Gegen Jahreswechsel möchte ich die Winterruhe vorfristig beenden und hoffe dann bis Frühjahr auf eine Brut. Dazu muss ich die Schwimmpflanzen erhalten.
Notfalls muss ich dann noch zusätzlich beleuchten.

mfg Jürgen


----------



## Biotopfan (27. Nov. 2008)

*AW: Versuch Wasserhyazinthen zu überwintern*

Hei, wollte Euch mal meine Wasserhyazinthen zeigen...





Leider plagen sie und mich im Moment Spinnmilben... Wenn nicht aufpasse, raffen die mir die Hyazinthen dahin... Sprühen geht nicht, weil die HQL Lampen keine Wasserspritzer abkriegen dürfen... Die Brenner platzen sonst...
Deshab nehm ich sie jeden Tag raus und brause sie mit dem Küchenbrausenschlauch ab... Sch... job...Aber was macht man nicht alles...

VG Monika


----------



## Dodi (27. Nov. 2008)

*AW: Versuch Wasserhyazinthen zu überwintern*

Hallo Monika,

manno, die sehen ja echt klasse aus! 

Ja, diese plöden Spinnmilben, so klein sie sind, so verheerend sind die Auswirkungen auf die Pflanzen.
Hoffentlich kriegst Du das in den Griff.


----------



## 69pflanzenfreund69 (28. Nov. 2008)

*AW: Versuch Wasserhyazinthen zu überwintern*

vielleicht kennst du ja jemanden von dem du Raubmilben bekommen kannst, es gibt so ne Bestellkarten Nützlinge gegen - Schädlinge - ist aber recht teuer (25 €) vielleicht kannst du ja sowas irgendwo günstiger finden ?


----------



## Teichfutzi (11. Dez. 2008)

*AW: Versuch Wasserhyazinthen zu überwintern*

So jetzt der neuste Stand:
Die Hoffnung stirbt zuletzt und jetzt ist auch sie gestorben, genau wie die Wasserhyazinthen. Ich mache das dann in Zunkunft so, dass ich eine ganzjährig im Aquarium halte und ein paar weitere Im Teich. Jetzt liegen alle miene Wasserhyazinthen auf dem Kompost, und ich hoffe, dass keine von den Babyplatys, die sich immer darin aufgehalten haben, mit auf dem Kompost gekommen ist das wäre seeehr schade...
Und wie geht es euren Wasserhyazinthen zur Zeit?


----------



## 69pflanzenfreund69 (11. Dez. 2008)

*AW: Versuch Wasserhyazinthen zu überwintern*

mein Beileid Benjamin  ich hoffe das klappt gut bei dir dann mit der Mutterpflanzenhaltung :gdaumen

meinst du dass wenn du die babys dann von der Mutti abzwackst und sie in den Teich setzt nicht einen schock bekommen könnten ?

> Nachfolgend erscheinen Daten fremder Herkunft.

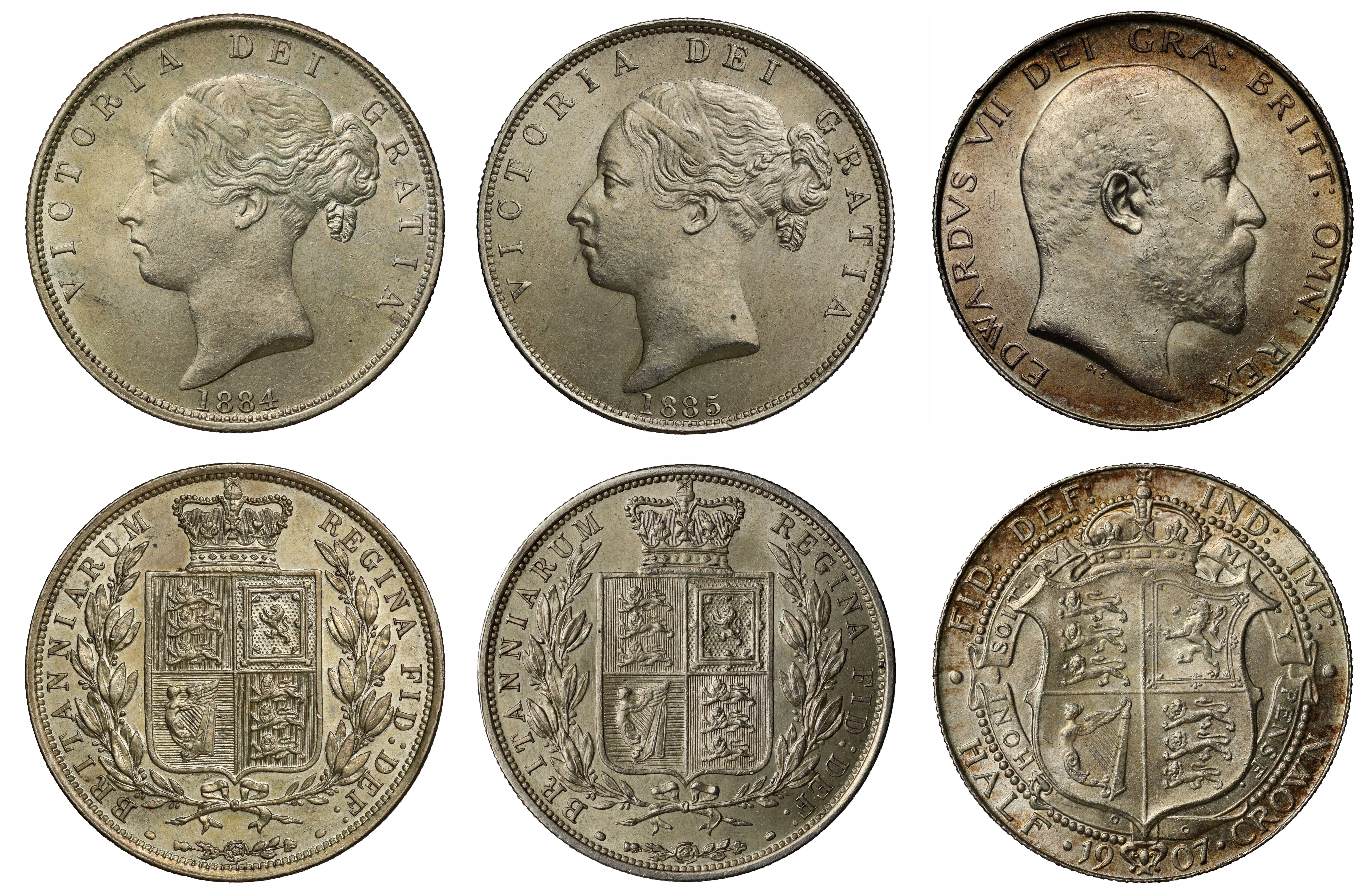 Victoria (1837-1901), silver Halfcrowns (2), 1884, no serif, 1885, young head left, legend VICTORIA DEI GRATIA. rev. crowned quartered shield of arms, within laurel and oak wreath, legend surrounding BRITANNIARUM REGINA: FID: DEF:, 14.20g and 14.13g respectively (Bull 2764, 2765; ESC 712, 713; Davies 594, 595; S.3889). Generally toned about extremely fine or better; Edward VII (1901-10), silver Halfcrown, 1907, bare head right, DES below truncation for engraver George William De Saulles, Latin legend and toothed border surrounding, EDWARDVS VII DEI: GRA: BRITT: OMN: REX, rev. crowned quartered shield of arms, garter motto in French surrounding, HONI. SOIT. QUI. MAL. Y. PENSE., beaded border surrounding, Latin abbreviated legend in upper half, FID: DEF: IND: IMP:, denomination and date in lower half, 14.07g (Bull 3573; ESC 752; Davies 1515; S.3980). Toned extremely fine. (3)

wie willst du das denn dann machen, die step by step an draußen gewöhnen ? wie man es mit kleinen pflänzchen macht ?


----------



## Teichfutzi (11. Dez. 2008)

*AW: Versuch Wasserhyazinthen zu überwintern*

ich denke das überleben die gut, als ich meine gekauft habe, sind die aus einem unbeheizten Becken aus dem Zoogeschäft direkt in den Teich gekommen, ohne Schaden zu nehmen. Dazwischen waren die dann noch 15min ohne Wasser in einer Tüte. Und wenn die den Sprung von ca 22° bis Teichtemperatur schaffen, dann schaffen die auch den Sprung von 25°. Naja, obwohl es war schon frühsommer als ich die gekauft habe und in den Teich setzen will ich die eig im Frühjahr. Aber die reproduzieren sich ja ziemlich schnell, da hab ich ja mehrere Versuche


----------



## mitch (11. Dez. 2008)

*AW: Versuch Wasserhyazinthen zu überwintern*

hallo

so schauen sie heute aus:

 

manche blätter haben braune stellen und spinnmilben, hilft da wirklich abduschen ?


----------



## Trautchen (12. Dez. 2008)

*AW: Versuch Wasserhyazinthen zu überwintern*

Hallo Mitch, na schaden kanns jedenfalls auch nicht. 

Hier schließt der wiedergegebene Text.